Park Ji-hyun (politician)


Park Ji-hyun (Korean박지현, Korean pronunciation: [pɑktɕiçʌn]; born 1996)[1] is a South Korean political activist and former co-chair of the Democratic Party of Korea (DPK), the main opposition party.[2] In 2019, she helped to expose one of the largest online sex-crime rings in South Korea, called the Nth Room.[3] In March 2022, she was appointed interim co-chair of the Democratic Party at the age of 26,[4] and resigned in June.[5] Park was named to the TIME100 Next, TIME magazine's list of emerging leaders,[4] as well as the 2022 BBC 100 Women and Bloomberg 50 lists,[3][6][7] in recognition of her work in combating digital sex crimes and fighting for gender equality in politics.[2]

In 2018, Park was studying journalism at Hallym University and working as a student reporter,[1] when #MeToo protests took place in central Seoul, demanding that the government do more to combat illegal filming of women and girls.[8] Inspired by the protests, she and her classmate Won Eun-ji planned to submit an article for the Korean News Agency Commission's annual student journalism competition.[8][9] They initially planned to write about the "spycam epidemic" in South Korea, where men secretly film women and girls without their consent.[9]

In July 2019, Park and Won started infiltrating the Nth room, a notorious sexual-abuse ring on Telegram, under the name "Team Flame".[4][8][10] Working with the police, their investigation led to the arrest and eventual conviction of the two ringleaders, whom they discovered had been blackmailing and coercing women and girls as young as twelve into performing degrading acts, and then selling their images and videos illegally.[8][10][11]

Their first article came to the attention of two journalists from The Hankyoreh, who then collaborated with Park and Won to publish an in-depth newspaper report in November 2019, while protecting their identities.[9] The Nth room ringleaders sought to retaliate, and two current affairs programs on TV eventually picked up the story;[9] meanwhile, women mobilized on Twitter to expose and further publicize their crimes.[10] As details of the Nth room case came to light, more than five million people signed national petitions calling for harsher punishment and disclosure of perpetrators' identities.[10] By the end of 2020, 3,757 people had been arrested in connection with the case.[6]

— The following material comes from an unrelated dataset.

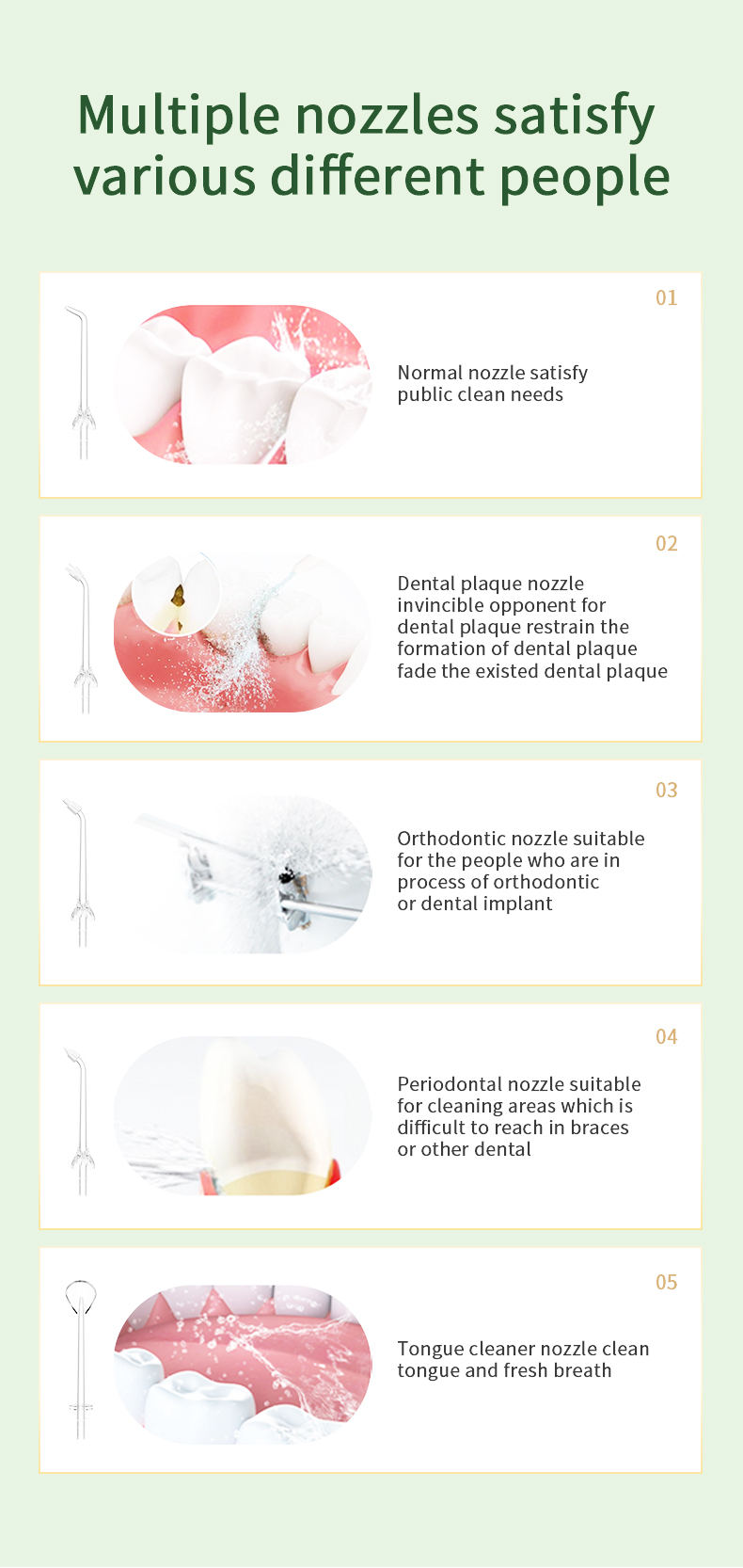 Profesionalno ocijenjen od strane američkog stomatološkog tima, naš konac za zube nudi pet prikladnih načina rada koji odgovaraju različitim potrebama 99% različitih dobnih skupina, a istovremeno osiguravaju optimalnu učinkovitost i životni vijek. Njegova ergonomska ručka i 6 izmjenjivih mlaznica osiguravaju udobno i svestrano iskustvo. To je promišljen dar za rođendane, Božić, Dan zahvalnosti, Valentinovo, Majčin dan očeva ili brigu o oralnom zdravlju vaših najmilijih

For years, Park was known only by the pseudonym "Flame", and was interviewed in the Netflix documentary Cyber Hell hidden in shadow.[8] She also wrote and published an anonymous memoir about exposing the criminals behind Nth room.[6]

Park met Lee Jae-myung when he was governor of Gyeonggi Province through her advocacy work.[8][1] Governor Lee attended the June 2020 launch event for the Gyeonggi-do support center for digital sex crime victims.[1]